After noticing that not all the available 2-byte encodings are used, I extended the table as shown below, and saw that this was the case for 3-byte and 4-byte encodings as well (delta > 0).

| number of bytes | bits available for encodings | number of available encodings | number of codepoints                                | delta  = # avail encodings - # codepoints |
|-----------------|------------------------------|-------------------------------|-----------------------------------------------------|-------------------------------------------|
| 1               |          7                   |  2^7 =       128              |       0x80 -    0x00 =             8*16 =       128 |       128 -       128 =         0         |
| 2               | 5+1*6 = 11                   | 2^11 =     2,048              |     0x800 -    0x080 =    8*16^2 - 8*16 =     1,920 |     2,048 -     1,920 =       128         |
| 3               | 4+2*6 = 16                   | 2^16 =    65,536              |  0x1_0000 -    0x800 =    16^4 - 8*16^2 =    63,488 |    65,336 -    63,488 =     2,048         |
| 4               | 3+3*6 = 21                   | 2^21 = 2,097,152              | 0x11_0000 - 0x1_0000 = 0x10_0000 = 16^5 = 1,048,576 | 2,097,152 - 1,048,576 = 1,048,576         |

Is there a reason that so many encodings are unused?


Solution

  • A key feature of UTF-8 is self-synchronization. You can jump into the middle of a UTF-8 stream at any point and figure out where the next character begins. This is because many values cannot be the first byte of a character. A side effect of this is that many possible byte sequences are invalid, so the encoding is not as dense as it could be (requires more bytes than the minimum), but it makes every sequence unambiguous. This is even true if individual bytes are lost or corrupted. The decoder can always find the next character starting point and recover. This is not true of other multi-byte encoding schemes like UTF-16 or Shift-JIS which can be difficult to resynchronize if there are errors.

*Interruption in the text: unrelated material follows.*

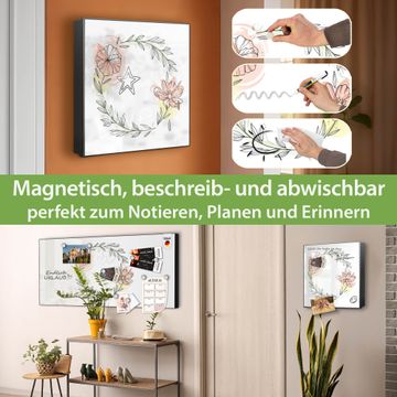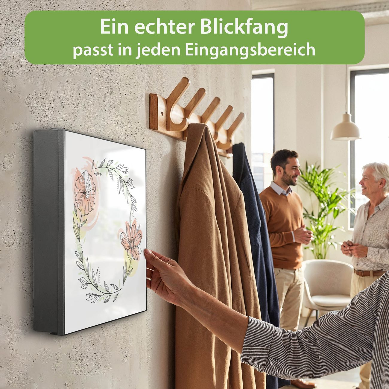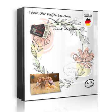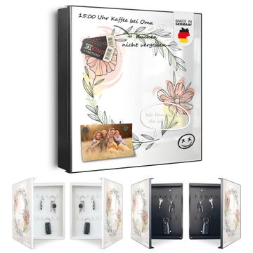 Bringe Ordnung und Eleganz in deinen Eingangsbereich mit dem banjado Schlüsselkasten Motiv Motiv Floraler Blütenkranz. Die moderne Schlüsselbox kombiniert funktionales Design mit hochwertiger Verarbeitung und wird so zu einem echten Hingucker in Flur, Büro oder Ferienwohnung. ✅ Stilvolle Schlüsselaufbewahrung mit Motiv Motiv Floraler Blütenkranz Der Design-Schlüsselkasten Motiv Motiv Floraler Blütenkranz bietet Platz für bis zu 32 Schlüssel, die auf 4 stabilen Reihen mit je 8 Haken übersichtlich verstaut werden. Mit seinen kompakten Maßen von 30 x 30 x 5 cm passt die Schlüsselbox perfekt auch in kleinere Räume. Der schwarz lackierte Stahlkorpus mit links angeschlagenem Türscharnier harmoniert mit gedruckten Folie auf der Front und fügt sich nahtlos in jedes Wohnambiente ein. Ob als Schlüsselorganizer für Zuhause oder als praktische Lösung für Büros, Praxen und Gewerbe, der banjado Schlüsselkasten sorgt für Ordnung und Übersicht. Dank der magnetischen, mit Kreidestiften beschreibbaren Folie auf der Front kannst du Notizen anheften oder Termine direkt auf der Oberfläche festhalten. Die Schlüsselbox Motiv Motiv Floraler Blütenkranz zur Wandmontage wird inklusive Befestigungsmaterial geliefert und ist schnell angebracht. So hast du deine Schlüssel jederzeit griffbereit und zugleich stilvoll verstaut. Mit diesem banjado Schlüsselkasten Motiv Motiv Floraler Blütenkranz kombinierst du praktische Aufbewahrung mit stilvollem Wohndesign. Ob privat oder geschäftlich, die Schlüsselbox sorgt für mehr Ordnung, Übersicht und ein wohnliches Ambiente.Vorteile im Überblick

    The particular approach of encoding the character length in the first byte similarly reduces ambiguity in the face of dropped bytes in the stream or corruption. If you decode a start byte that indicates that this is a 3-byte character, followed by another start byte (rather than a continuation byte), the decoder can know that the previous character is corrupted. This leading length-indicator can also allow algorithms to skip over a given number of characters without decoding them.

    Again, these benefits come at a size cost. For ASCII, the size cost is zero, and it's pretty modest for Latin-based scripts. Compared to previous national systems, it imposes about a 50% cost on Asian encodings (usually 3 bytes rather than 2), and generally doubles the size of Cyrillic, Arabic, Hebrew, and Greek (generally 2 bytes rather than 1). But the benefit is that there's one system that works universally and can mix scripts, and has the above-mentioned synchronization benefits. So it's become pretty much ubiquitous despite the size cost.